Building blocks

## Solution 2

Can we choose integers $x$ and $y$ so that:

$\log_6 x +\log_6 y =1?$

How many different ways are there to do this?

If we use the statement $\log_x ab = \log_x a + \log_x b$ we can rewrite the equation, $\log_6 x+\log_6 y=1,$ as $\log_6 (x \times y)= 1.$

Knowing that $\log_x x = 1$ we can see that in the equation above $x \times y = 6$.

Six has two pairs of factors: $1 \times 6$ and $2 \times 3$, so there are two possible ways to choose integers $x$ and $y$ so that $\log_6 x + \log_6 y = 1$:

$\log_6 1 + \log_6 6 = 1$ and $\log_6 2 + \log_6 3 = 1.$

Why did we not consider pairs of integers $x$ and $y$ such as $-1 \times -6$?

In theory, if we thought about evaluating each term in the equation we might try to choose a value of $x$ that is a power of $6$. We might choose something like $x=36$ so that $\log_6 36 = 2$.

What is the problem that we would encounter if we tried this approach?

What further information does this give us about the values of $x$ and $y$?

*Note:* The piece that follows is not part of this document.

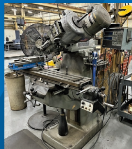
2 HP Bridgeport Vertical Mill with DRO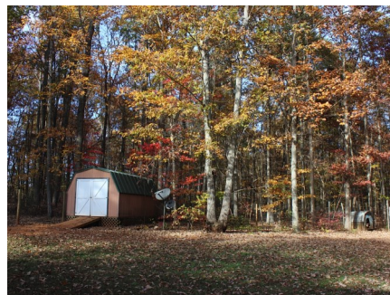
Shed in fenced back yard.

How about using $\log_{12}$?

Taking the same approach as above we have that $\log_{12} x + \log_{12} y = \log_{12} (x \times y) = 1.$

By the same reasoning as the previous example we can conclude that $x \times y = 12$ and as $12$ has three pairs of factors there will be three possible ways to choose integers $x$ and $y$ so that $\log_{12} x + \log_{12} y = 1$:

$\log_{12} 1 + \log_{12} 12 = 1,$

or

$\log_{12} 2 + \log_{12} 6 = 1,$

or

$\log_{12} 3 + \log_{12} 4 = 1.$

How about using $\log_{24}$?

$24$ has four pairs of factors so there will be four possible ways to choose integers $x$ and $y$ so that $\log_{24} x + \log_{24} y = 1$:

$\log_{24} 1 + \log_{24} 24 = 1,$ $\log_{24} 2 + \log_{24} 12 = 1,$ $\log_{24} 3 + \log_{24} 8 = 1,$

and

$\log_{24} 4 + \log_{24} 6 = 1.$

In all of the examples above we have only considered positive values of $x$ and $y$. Why?